Gerbang milenium baru sudah di depan mata, namun masih bertumpuk `PR'
tersisa. Kegagalan pemerintahan Habibie menjalankan amanat TAP MPR Nomor XI
tahun 1998 tentang "Penyelenggaraan Negara yang Bersih dan Bebas Korupsi,
Kolusi dan Nepotisme", khususnya untuk mengadili mantan Presiden Soeharto,
membuat beban negara semakin berat. Bagaimana tidak? Demi membangun kembali
reruntuhan ekonomi pasca krisis moneter, tak bisa tidak, mesti melalui
perombakan mendasar budaya KKN yang terlanjur mengakar. Dan karena kegagalan
ini, agenda-agenda lainnya pun terpaksa mengalami penjadwalan kembali -untuk
kemudian ditindaklanjuti oleh MPR RI periode 1999-2004. Padahal, persoalan
negara ini bukanlah ekonomi semata.

Masih ada lagi persoalan politik, hukum, sosial-budaya yang menunggu
diselesaikan. Ada pula tugas besar untuk meluruskan sejarah perjalanan
bangsa ini, yang telah berpuluh tahun dimanipulasi dan meninggalkan luka
menganga dalam jiwa rakyat Indonesia. Warisan 'kekerasan' yang tak pernah
terungkap tuntas ini, selalu menghantui bahkan masih dapat 'meledak'
sewaktu-waktu.

Upaya mengadili mantan presiden Soeharto misalnya, sebetulnya, tidak cukup
hanya dengan mengaitkannya dengan persoalan KKN. Sebagaimana halnya Augusto
Pinochet, Pol Pot atau Slobodan Milosevic yang dituduh melakukan crimes
against humanity, begitu pula kiranya dengan pengadilan terhadap Soeharto.
Besarnya uang yang diambil Soeharto selama berkuasa, masih lah belum
seberapa nilainya dengan jumlah nyawa manusia yang melayang pada periode
yang sama. "Jika uang yang dijarah dari negara anda terlalu besar, Anda
masih bisa mencari gantinya. Mintalah pengampunan utang," ujar seorang
wartawan Radio Nasional Swiss yang selalu memperhatikan masalah Indonesia.
"Tapi, jika satu saja jiwa melayang akibat pembantaian, Anda tak bisa
menggantinya," katanya lagi. "Apalagi jika sampai ribuan atau ratusan ribu."
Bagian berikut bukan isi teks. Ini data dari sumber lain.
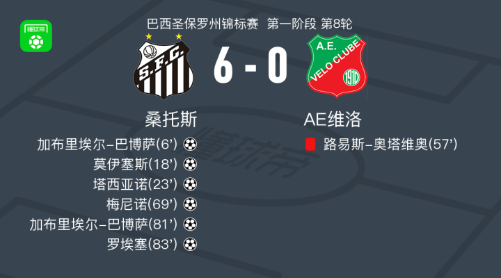 北京时间2月16日巴西圣保罗州锦标赛 第一阶段 第8轮,桑托斯对阵AE维洛。桑托斯加布里埃尔-巴博萨梅开二度,莫伊塞斯破门,塔西亚诺破门,梅尼诺破门,罗埃塞破门。最终比分桑托斯 6-0 AE维洛。
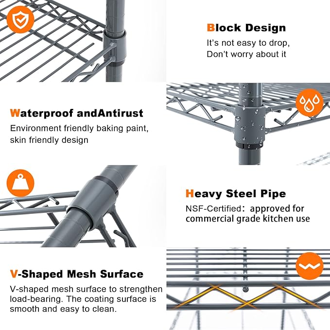 - 【EASY TO ASSEMBLY】: The storage rack is designed very simply, very easy to assemble, no assembly tools are required when assembling the metal shelf, even if you assemble it separately, the wire shelf unit can be handled quickly. With detailed instructions and no tools required, you can easily install it with others within 15 minutes.

Peristiwa pembantaian yang mengikuti pengambilalihan kekuasaan oleh militer
dari tangan Soekarno di tahun 1965, adalah sebuah tragedi kemanusiaan
terbesar dalam sejarah Indonesia. Bertrand Russell, filsuf besar asal
Inggris melukiskan kepedihan peristiwa itu pada tahun 1966: ".hanya dalam
empat bulan, jumlah orang yang terbunuh di Indonesia, lima kali lipat lebih
besar dibandingkan yang terjadi di Vietnam selama 12 tahun." The Washington
Post pada tahun yang sama memperkirakan angka kematian mencapai 500.000
jiwa. Sementara sumber-sumber lain, meyakini angka 600.000 hingga 1 juta
jiwa. Menurut para saksi mata, antara tahun 1965 hingga 1966, pembantaian
yang dilakukan terhadap para elit maupun kader Partai Komunis Indonesia,
dilakukan dengan sangat sadis. Dikatakan bahwa, sungai-sungai besar di Jawa
Tengah dan Jawa Timur berubah warna menjadi merah akibat darah manusia.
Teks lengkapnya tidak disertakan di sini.